> **Task details**:
Retype word for word the stretch of entries below from the line that has "科爾沁大草原上,牛羊健碩。藍" through the line that has "As shown in", and omit the pictures.

─── Supplied records

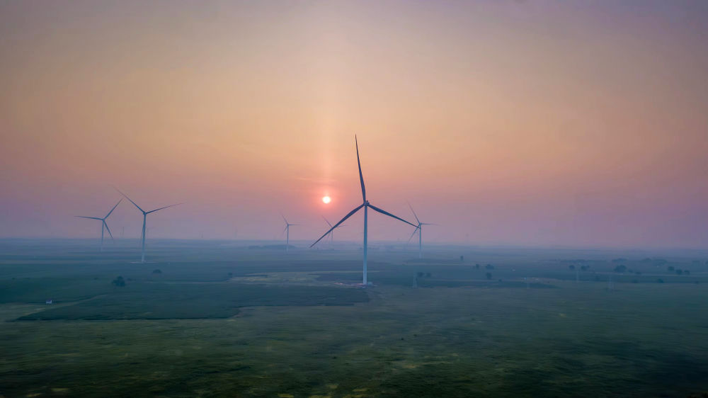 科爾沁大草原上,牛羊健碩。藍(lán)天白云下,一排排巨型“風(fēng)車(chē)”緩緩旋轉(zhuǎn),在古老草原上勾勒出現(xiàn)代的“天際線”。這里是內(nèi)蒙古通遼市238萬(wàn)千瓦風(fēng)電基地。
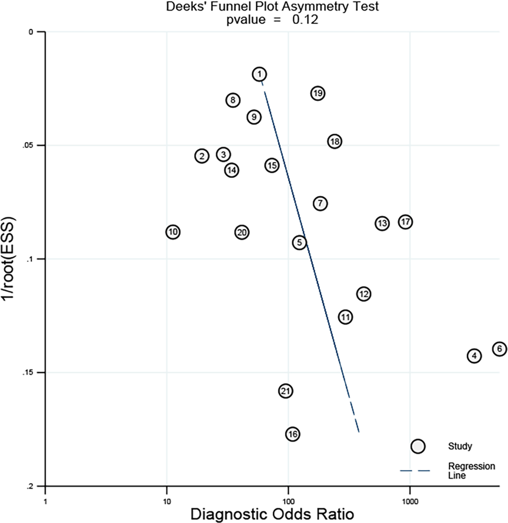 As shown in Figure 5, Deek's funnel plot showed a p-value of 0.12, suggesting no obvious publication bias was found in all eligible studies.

──────
─── Supplied records

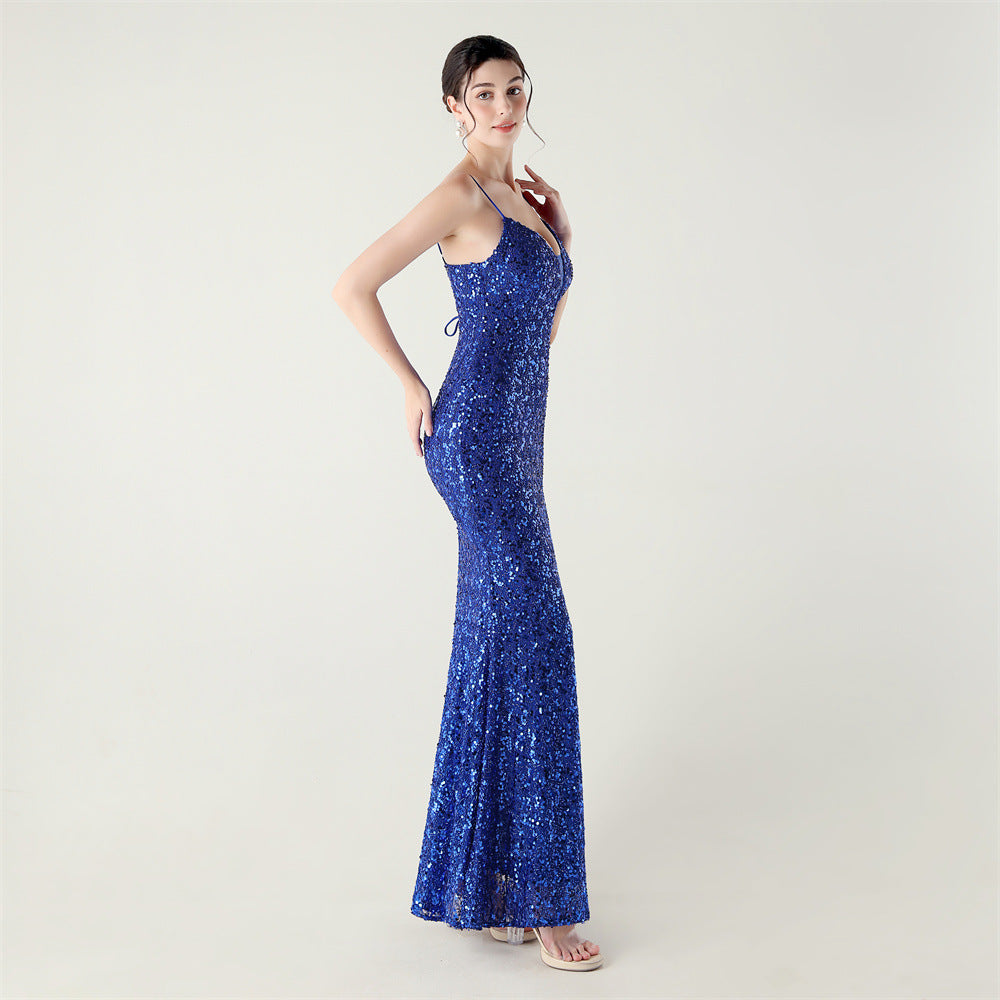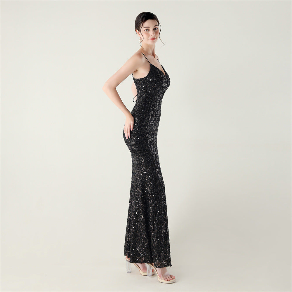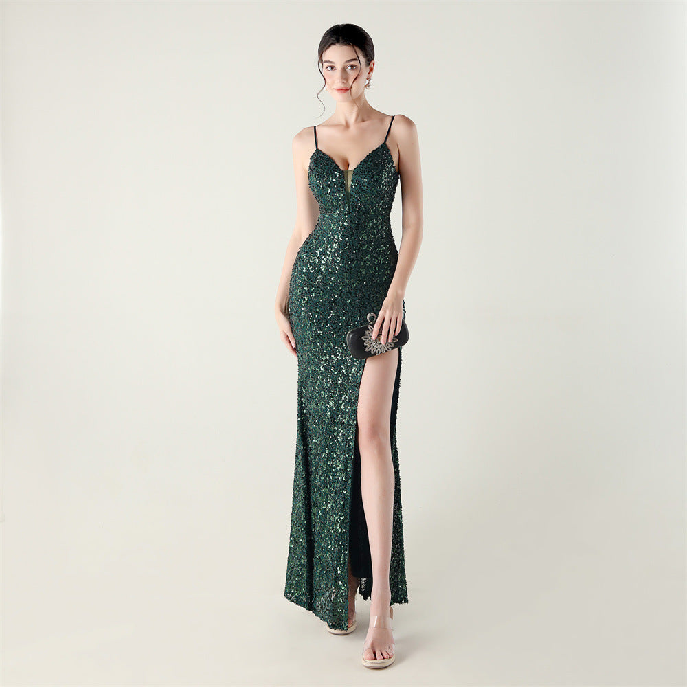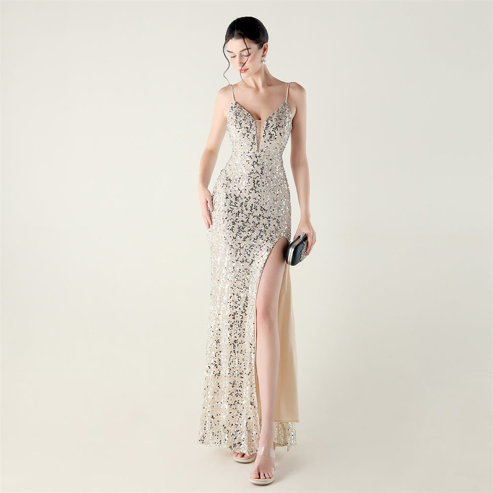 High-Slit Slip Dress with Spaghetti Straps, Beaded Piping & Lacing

──────
─── Supplied records

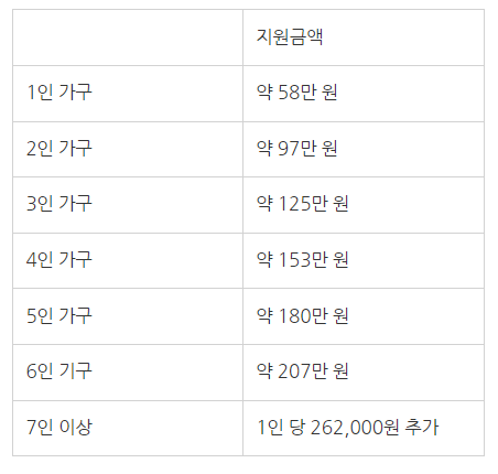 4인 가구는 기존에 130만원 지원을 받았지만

──────

> **Written solution**:
 科爾沁大草原上,牛羊健碩。藍(lán)天白云下,一排排巨型“風(fēng)車(chē)”緩緩旋轉(zhuǎn),在古老草原上勾勒出現(xiàn)代的“天際線”。這里是內(nèi)蒙古通遼市238萬(wàn)千瓦風(fēng)電基地。
 As shown in Figure 5, Deek's funnel plot showed a p-value of 0.12, suggesting no obvious publication bias was found in all eligible studies.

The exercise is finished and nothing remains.